Let's create a series with  missing values in it.

In [None]:
data =  pd.Series(['limbe' , 'douala', nan, 'buea',NAN, 'muyuka',NaN, 'bafut', 'wum'])
data

In [None]:
data.isnull()                      #.value_counts()

In [None]:
data.notnull()

We have a number of options for filtering out missing data. While doing it by hand is
always an option, **dropna** can be very helpful. On a Series, it returns the Series with only
the non-null data and index values:

In [None]:
data.dropna()

In [None]:
data[data.notnull()]

With DataFrame objects, these are a bit more complex. You may want to drop rows
or columns which are all NA or just those containing any NAs. dropna by default drops
any row containing a missing value

In [None]:
df = pd.DataFrame([['alan' ,'bob', 'tim', NAN, 'jonas', 'kate'], 
                   [2,4,6,8,10,12] ,
                   [NaN for i in range(6)],
                  list('abcdef')]
                 )

In [None]:
df

In [None]:
df.dropna(axis=0)

In [None]:
df.dropna(axis=1)

In [None]:
df.dropna(how='all' , axis=0)

Dropping columns in the same way is only a matter of passing **axis=1**

In [None]:
df.dropna(axis=1, how='all')

In [None]:
df

In [None]:
#THE EBOLA DATASETS  2014 wEST AFRICA OUTBREAK
ebola = pd.read_csv('data/ebola_country_timeseries.csv')

In [None]:
ebola.head()

In [None]:
ebola.info()  #object is a generic way of saying this is a string

In [None]:
# tally of missing values (or whatever is it) 
ebola['Cases_Liberia'].value_counts(dropna=False).head()
#The most frequent get sorted to the top    #another way to get duplicates

In [None]:
# how many unique
ebola['Cases_Guinea'].nunique()

In [None]:
# the actual unique values
ebola['Cases_Guinea'].unique()

In [None]:
ebola.head()

### Filling the missing values

Rather than filtering out missing data (and potentially discarding other data along with
it), you may want to fill in the “holes” in any number of ways. 

For most purposes, the
**fillna** method is the workhorse function to use. Calling fillna with a constant replaces
missing values with that value

In [None]:
ebola.fillna(100)

In [None]:
ebola.head()

However, it does exist some sophisticated methods to fill our missing values.
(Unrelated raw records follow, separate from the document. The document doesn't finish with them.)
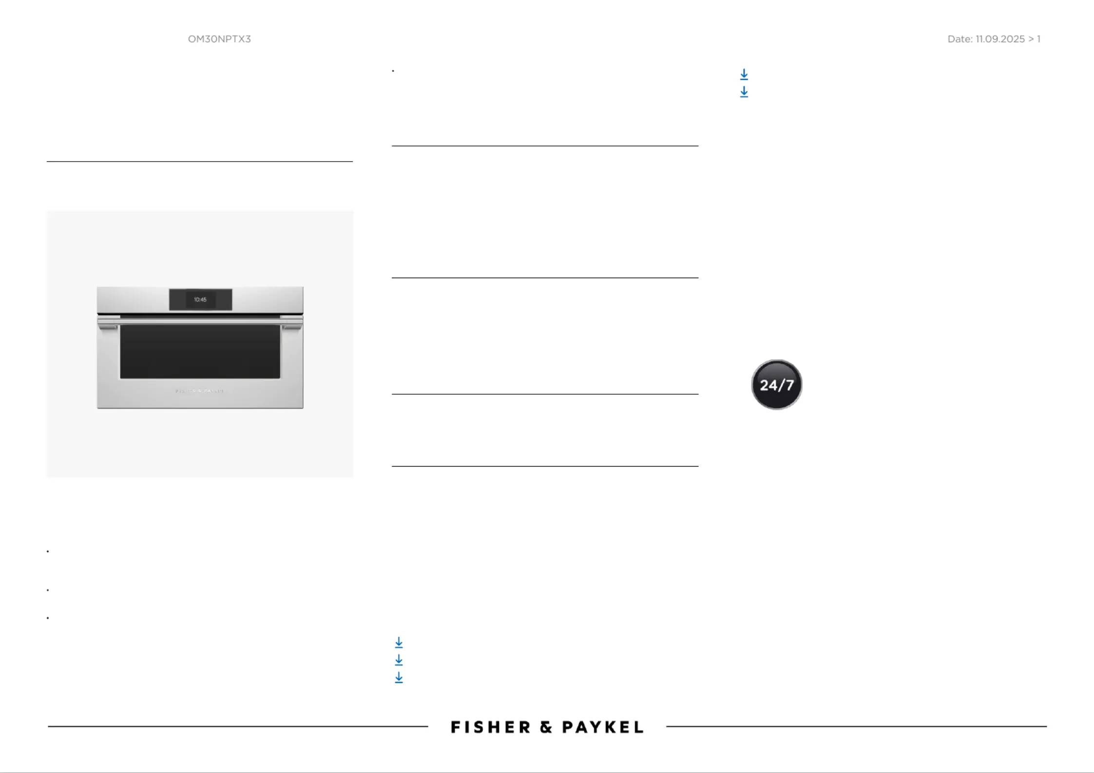 Læs gratis den danske manual til Fisher & Paykel OM30NPTX3 (1 sider) i kategorien Ovn. Denne vejledning er vurderet som hjælpsom af 3 personer og har en gennemsnitlig bedømmelse på 4.7 stjerner ud af 2 anmeldelser.
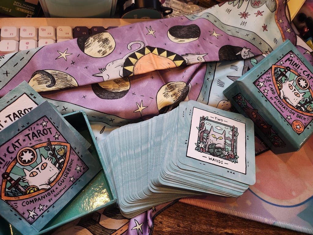 Get the full 78-card cat tarot deck and the matching tarot cloth as a discounted set!
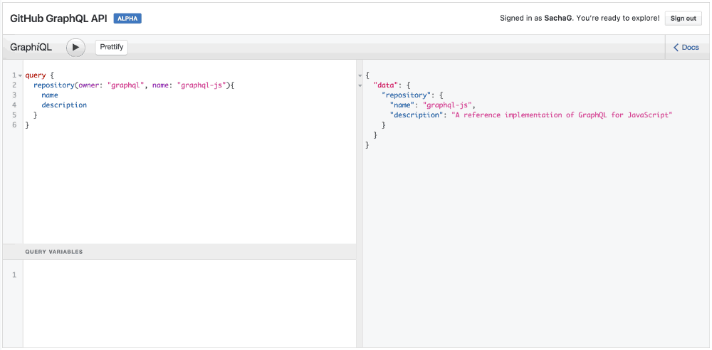 使用 GitHub 的 GraphQL API Explorer 可以很好地实践前面的例子。尝试以下查询:
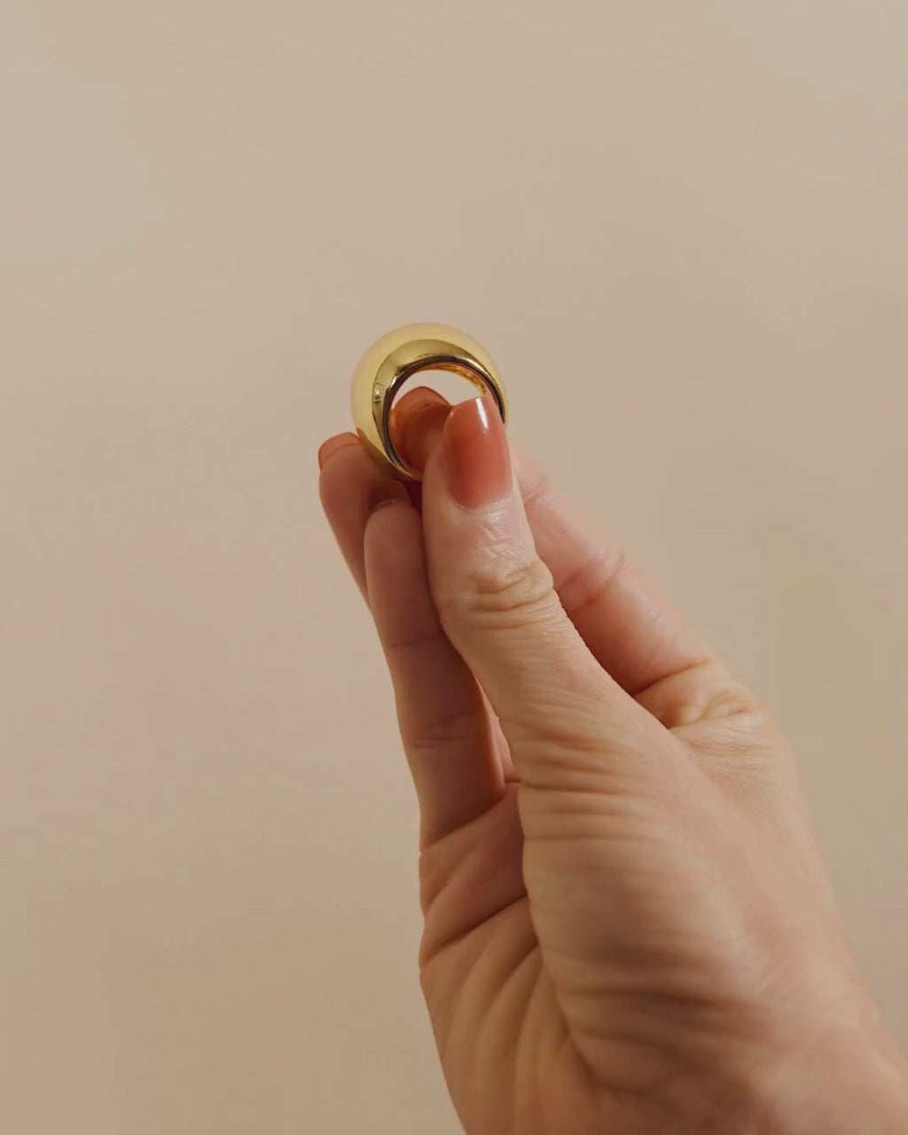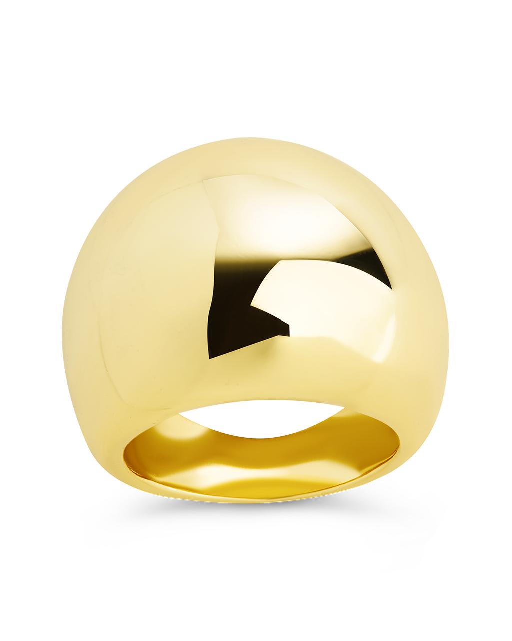 Bold, sculptural, and unapologetically statement-making. This dome ring delivers maximum impact with its high-polish finish and oversized silhouette. Pair it with a sleek mani and minimal stack to let it shine.
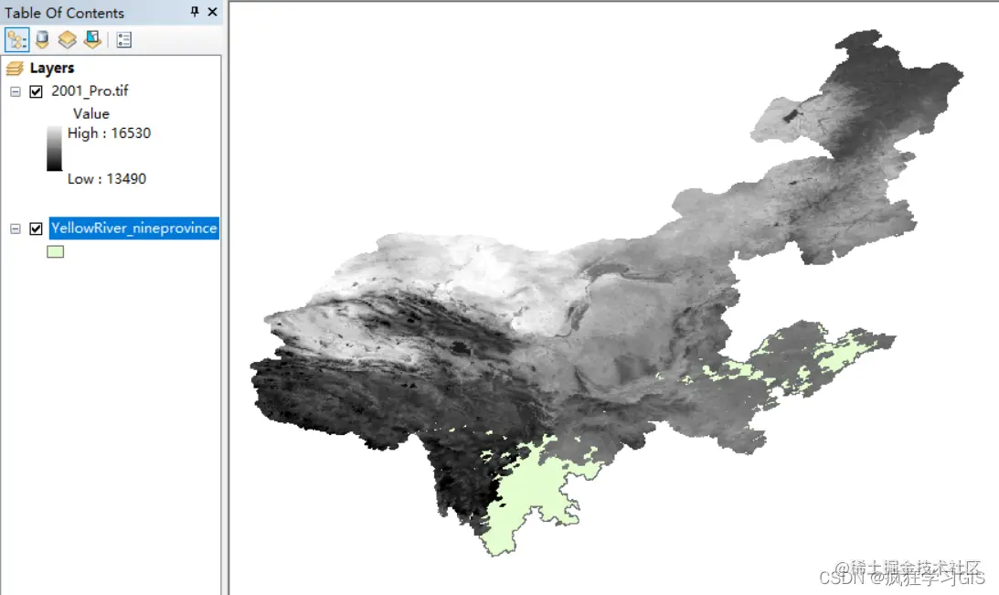 另一方面,我们还已知该栅格图像对应的空间范围的面要素矢量图层,如下图所示。其中,由于该栅格图像存在无效值NoData,因此可以看到栅格图像是没有完全遮盖矢量图层的。
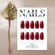 Minimalist black and white false nails display cards with care & application guide on the back, featuring a simple design with space for your brand name or logo. The care instructions include step-by-step icons on how to apply faux nails, This acrylic nails packaging card is editable, allowing you to customize all text, colors and layout! Great to display your stick on nails as well as include application and removal instructions.
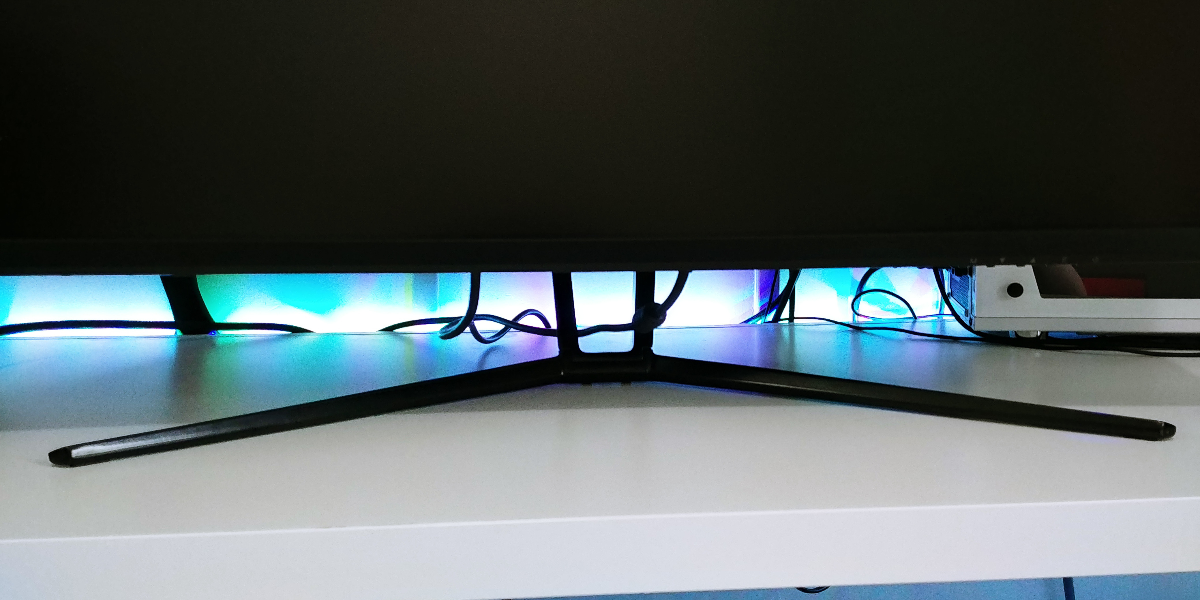 There’s not much to the unboxing process where Pixio had packed everything rather snugged. Opening up the box and you’ll come across the PXC32 display, VESA mount brackets, a standard stand, power cable and a DP cable. I actually really appreciate the minimalistic look of the stand. It contains the standard V-shaped legs but overall, the stand is relatively skinny taking up as little room on your desk as possible. There’s even a small arm that can be pulled down to hold a headset if desired.

When facing certains measurements, it might be convenient to fill the na values with the value forward the missing point or backward the missing point

We therefore the forward fill **ffill** and the backward fill **bfill**

In [None]:
ebola.fillna(method='ffill').head()

In [None]:
ebola.fillna(method='bfill').head()

In [None]:
ebola.head()

To complete a sum over a column containing the missing values , the .sum() function automatically skips them.
It is the same for others descriptive stats such as mean() , std(), var()

In [None]:
ebola['Cases_Guinea'].sum()

In [None]:
ebola['Cases_Guinea'].sum(skipna=False)

In [None]:
df = pd.DataFrame({
    'a': [1, 2, 88, 99],
    'b': [3, NaN, 999, NaN]
})
df

In [None]:
df.replace(to_replace=[88, 99, 999], value=NaN)